La p'tite Sara c'était ma blonde avant tout ça, avant que j'sèche dans mon salon les stores fermés sans voir le monde. Enfin sorti, et sans vraiment savoir pourquoi, j'étais là, devant chez elle, blanc comme un drap dans la nuit noire.

Dans la fenêtre y'avait sa chambre. Je la voyais dans un miroir.
Elle était belle et j'étais bien. Elle était nue comme en souvenir, en beaucoup mieux faudrait le dire. J'étais ému par sa candeur, mes yeux coulaient à cause du froid. Elle semblait chaude et confortable, prête pour l'amour et la passion. Elle se leva, alla s'asseoir, sur une chaise tout près de là.

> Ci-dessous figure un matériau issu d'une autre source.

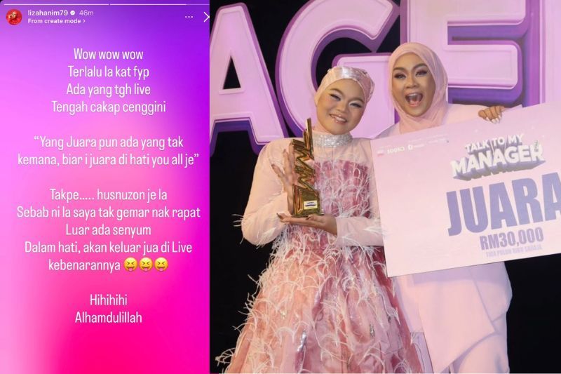 PENYANYI Liza Hanim meluahkan rasa kurang senang apabila masih ada pihak memperlekehkan kejayaan anaknya, Marsya Qistina sebagai juara program realiti Talk To My Manager (TTMM) musim pertama.Enggan mendedahkan individu dimaksudkan, Liza, 46, bagaimanapun mengingatkan pihak berkenaan agar lebih menjaga tutur kata. "No komen. Saya hanya cakap satu perkara saja, apa yang keluar daripada mulut kita adalah cerminan diri sendiri. Luahan Liza yang dimuat naik di Instastory miliknya."Saya ucapkan selamat berjaya kepada semua peserta. Fokus pada diri sendiri, tak perlu cakap apa-apa. Perjalanan masih panjang, setiap orang ada target dan pencapaian yang kita mahukan. "Kita tidak boleh nak pukul rata. Baik kita fokus pada diri sendiri daripada nak cakap fasal orang lain," katanya ketika dihubungi mStar. Sebelum itu, Liza menerusi Instagram memuat naik satu hantaran meluahkan rasa kurang senang apabila mengetahui ada individu bercakap buruk mengenai anaknya di media sosial.ARTIKEL BERKAITAN: Anak dianggap tak menyerlah lepas TTMM, Liza Hanim kecewa Marsya jadi sasaran kecaman netizenARTIKEL BERKAITAN: Liza Hanim letak syarat pembuli wajib bersemuka mohon maaf… “Jadilah seperti lelaki”Dakwanya individu terbabit membuat siaran langsung dengan mengeluarkan kenyataan mengecilkan Marsya meskipun bergelar juara program berkenaan."Wow terlalu dekat FYP, ada yang tengah live cakap macam ini 'yang juara pun ada yang tak ke mana, biar I juara di hati anda saja'. Tak mengapa husnuzon saja. No komen. Saya hanya cakap satu perkara saja, apa yang keluar daripada mulut kita adalah cerminan diri sendiri. LIZA HANIMPENYANYI"Sebab inilah saya tak gemar nak rapat, luar senyum tapi dalam hati akan keluar juga di 'live' tentang kebenarannya," tulisnya. Untuk info, Liza pernah berkongsi mengenai situasi Marsya yang didakwa dibuli di media sosial selepas ada pihak mempertikaikan kredibilitinya sebagai juara TTMM musim pertama. Menurut Liza, dakwaan kononnya anaknya kurang menyerlah tidak sepatutnya timbul memandangkan Marsya kini sedang berusaha mengimbangi kerjaya seni dan jadual kuliah.Jadilah sebahagian daripada geng mStar! Follow kami di Telegram, Twitter, TikTok, Facebook, Instagram dan YouTubeTONTON VIDEO PILIHAN!

J'avais envie d'aller cogner, prendre un caillou, le lui lancer, à sa fenêtre la déranger pour une danse de quelques pas.
J'avais envie de lui écrire, de longs textes plates, des paragraphes, de courts poèmes, des acrostiches, des mots quétaines sur une ardoise, jusqu'à ce que fêle ma plume, jusqu'à ce que meurent mes doigts.
J'aurais écrit tout un recueil de belles histoires où elle et moi, dans la prairie, on se s'rait fait des p'tits enfants.
Je jetterais tous mes avoirs, me redonnerais un brin de vie, me r'voir vivant une couple de fois. Y'est ben trop tard apparemment.
Y'a que Sara avait un chum, un beau grand brun, avec d'la gueule.
Faque en bout d'ligne, juste devant l'bois, j'étais errant, j'étais tout seul.